3

“We committed about nine thousand felonies, getting McMahon and Rashid out of Pakistan. You don’t want to be accessoried to any of those crimes.”

—Elena Moreno to Jules Meredith

Elena and her team met in the helipad hangar in New Jersey. Jules—decked out in jeans, a T-shirt and running shoes—was standing in front of the news chopper.

“This chopper any good?” Elena asked.

“It’s a top-of-the-line Agusta with a camera on the fin and in the nose,” Jules said, “which I will operate with a laptop and a joystick. I have a mini-cam as well. We have an EVS-1500 enhanced vision system. The auxillary transversal 132-gallon fuel tanks will let us stay up for five or six hours. Its lift is six tons, but I only have room for five of you.”

“Jamie, Adara, Rashid and Danny are coming with us,” Elena said. “Jamie will pilot.”

“Danny?” Jules asked in stunned disbelief.

“He’s earned it,” Elena said. “Anyway, I may want him to contact Raza if we can get through to her.
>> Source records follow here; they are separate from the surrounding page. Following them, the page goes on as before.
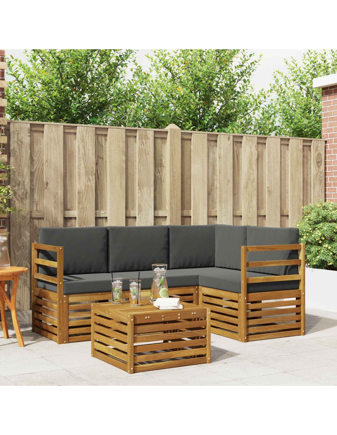 Questo set di divani modulari da esterno combina il design moderno e la funzionalità pratica, arricchendo ogni giardino, patio o spazio all'aperto. Realizzato in legno massello di acacia con una calda tonalità marrone, il set crea un'atmosfera accogliente. La sua modularità stimola la creatività, permettendo di riconfigurare i posti a sedere per occasioni diverse, da incontri intimi a eventi sociali vivaci.
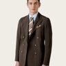 Brown Prince of Wales double-breasted jacket in stretch wool from the Zignone wool mill
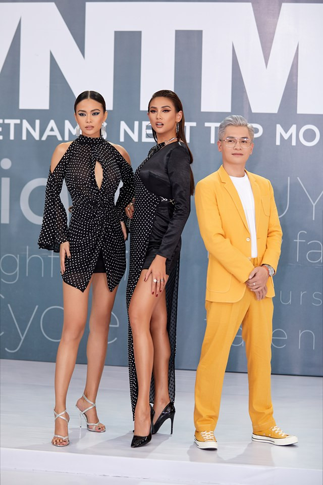 Á hậu Mâu Thuỷ ngồi ghế cố vấn cuộc thi Vietnam's Next Top Model 2019, bên cạnh host Võ Hoàng Yến và giám khảo Nam Trung.
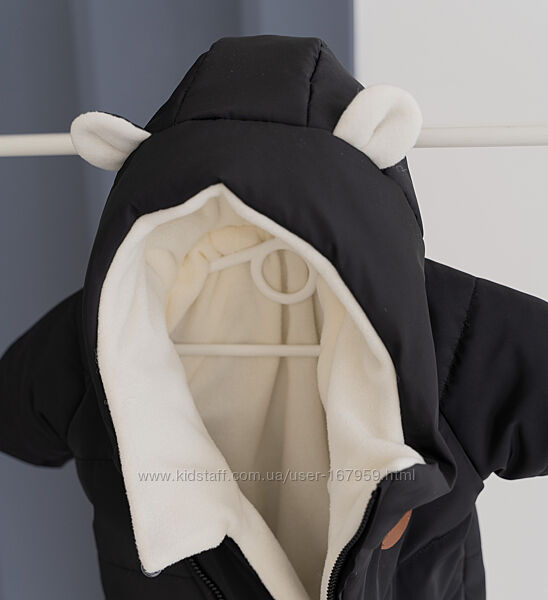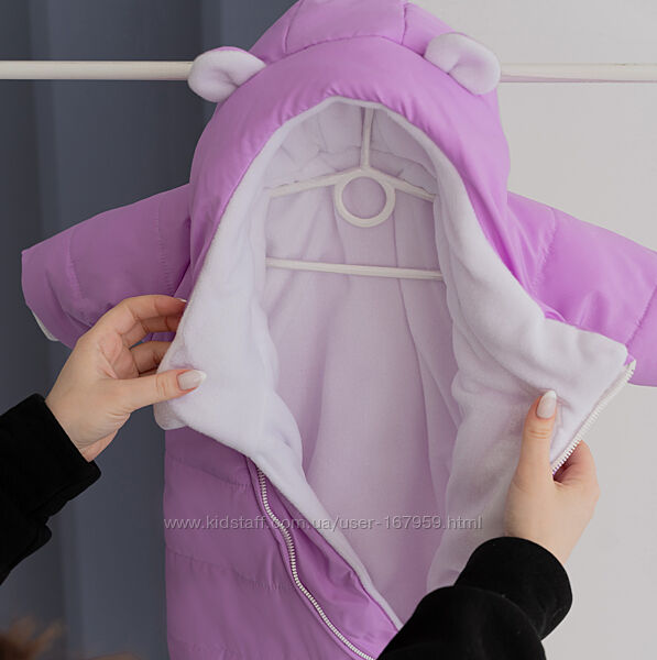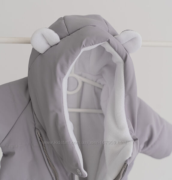 Демісезонний комбінезон з плащової тканини. Утеплений силіконізованим синтепоном, підклад - фліс полар. Важливим плюсом є те, що манжети відвертаються – це дає можливість зберегти руки малюка у теплі.
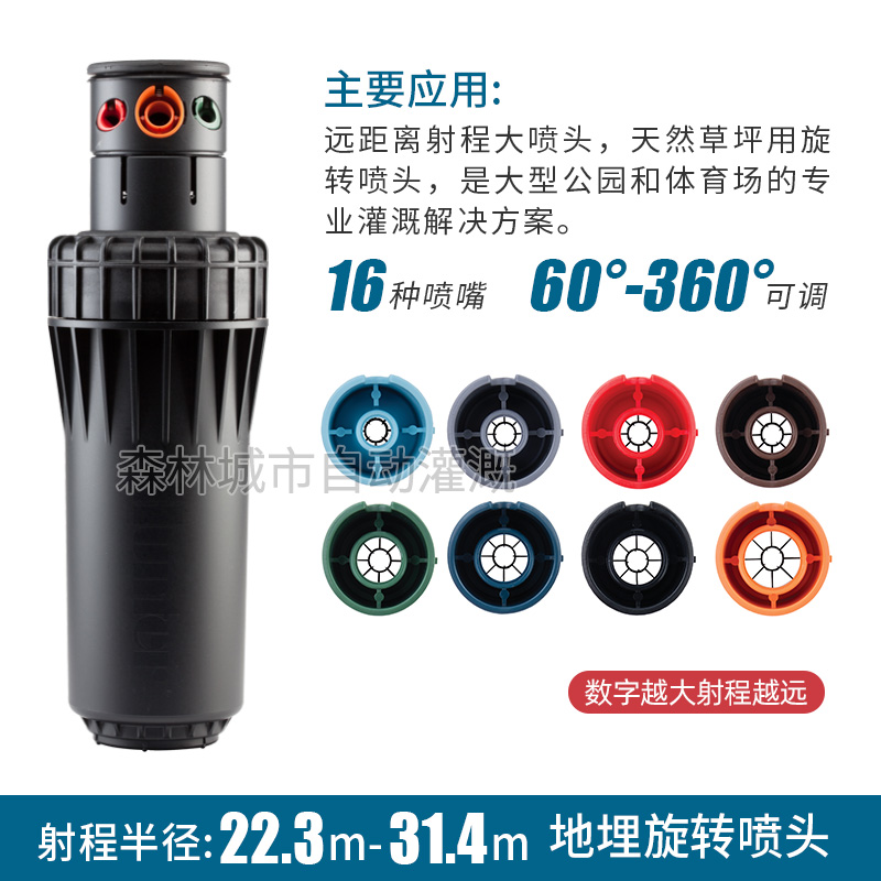 The original Hunter I - 90 buried rotating nozzle gears drive the golf football court lawn
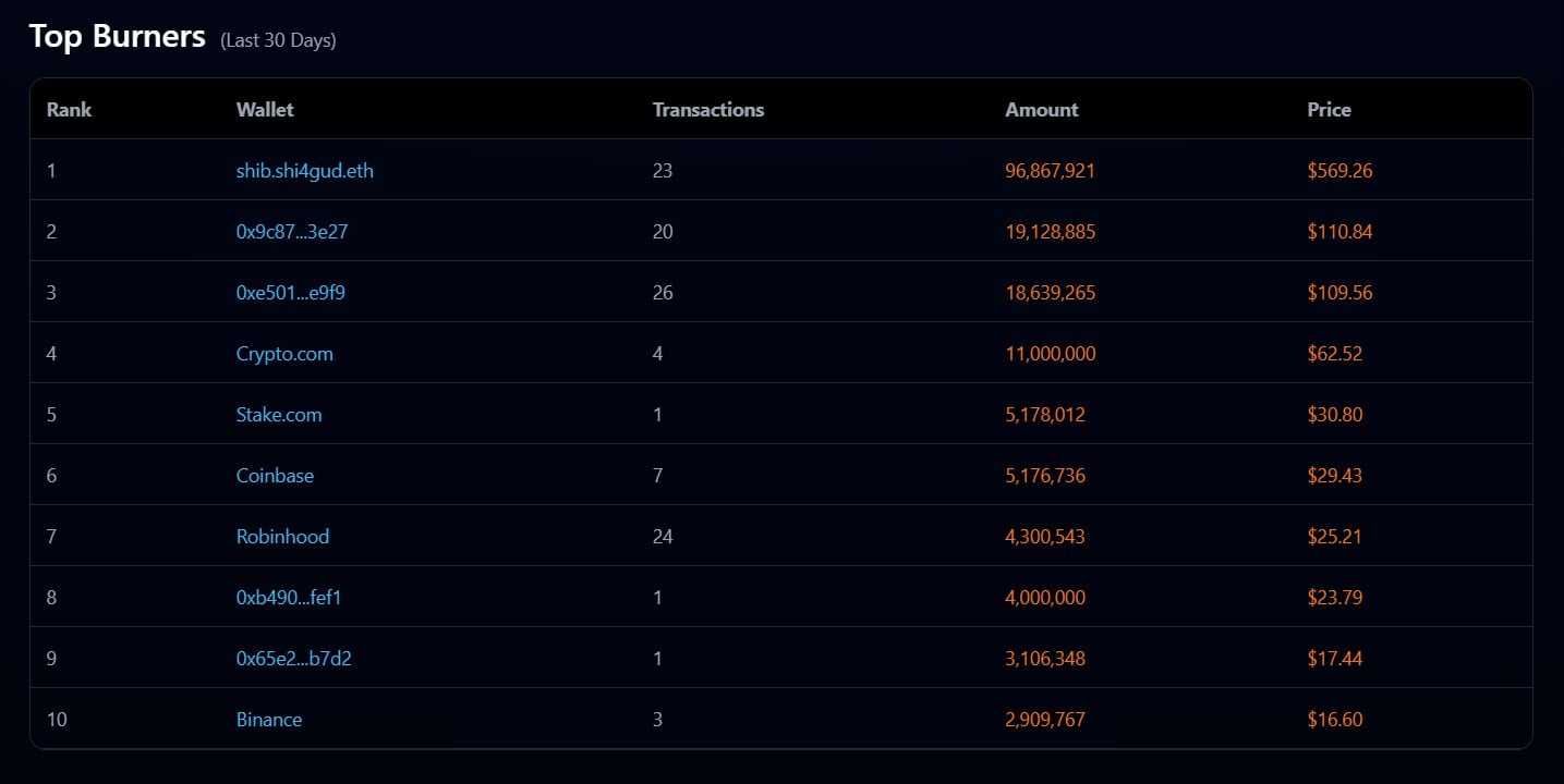 销毁榜单显示,近日最大规模的SHIB销毁行为来自前述平台Robinhood(通过24笔交易销毁4,300,543枚SHIB)和Stake.com(单笔销毁5,178,012枚SHIB)。除它们外,Coinbase(7笔交易销毁5,176,736枚SHIB)、Crypto.com及币安等顶级交易所也赫然在列。

Believe it or not, she might actually talk to him.”

“Why?” Jules asked McMahon, confused.

“We have a connection,” McMahon explained.

“What is it?” Jules asked.

“Pelvic,” Adara said.

“Are you sure we want him?” Jules asked, dubious.

“Danny’s convinced me he can help,” Elena said, “so he’s coming. That’s it.”

The helicopter held exactly six of them, and Jamie was already in the pilot’s seat, a duffel bag full of weapons on the deck.

They climbed into the aircraft and strapped themselves into their jump seats.

“I’m okay with McMahon,” Elena said to Jules. “What I don’t like is you coming along.”

“Do you want me to miss the story of a lifetime?” Jules said. “The nuking of the UN?”

“We committed about nine thousand felonies,” Elena said, “getting McMahon and Rashid out of that Pakistani torture chamber. You don’t want to be accessoried to any of those crimes.”

“Also if Tower learns we’re in the Apple,” Jamie said, “he’ll order the goddamned U.S. Air Force to shoot us out of the sky.”

“We won’t be hard to spot,” Elena said. “There won’t be a lot of choppers checking out the UN. Jules, I really don’t want you with us.”

“You need me,” Jules said. “When we’re in that TV news chopper and over Manhattan, if the cops radio us, I can talk to them. I’m the only one with press credentials, and I’m well known. I can bluff my way past most law enforcement.”

“How long did you say this crate will stay up?” Adara asked.

“Five or six hours,” Jamie said.

“And it’s got a cruising speed of two hundred miles per hour,” Jules said. “If you want to get to the UN in time for the Secretary General’s address to the General Assembly on the Anti-Inequality Expropriation Bill, we better haul ass. The clock is ticking.”

“Copy that,” Jamie said.

“Let’s hit it,” Rashid said, slapping a magazine into a Barrett M83 .50 caliber anti-transport sniper rifle. “I’m door gunner in case we run into any violent opposition. This Barrett’ll take down planes, choppers, tanks and battleships at sea. Jules, you got your tail-, nose- and mini-cams set up?”

“They’re ready to go,” Jules said, “locked and cocked.”

“Then let’s get this bird in the air,” Jamie said.

The rotor turned, and the din was deafening.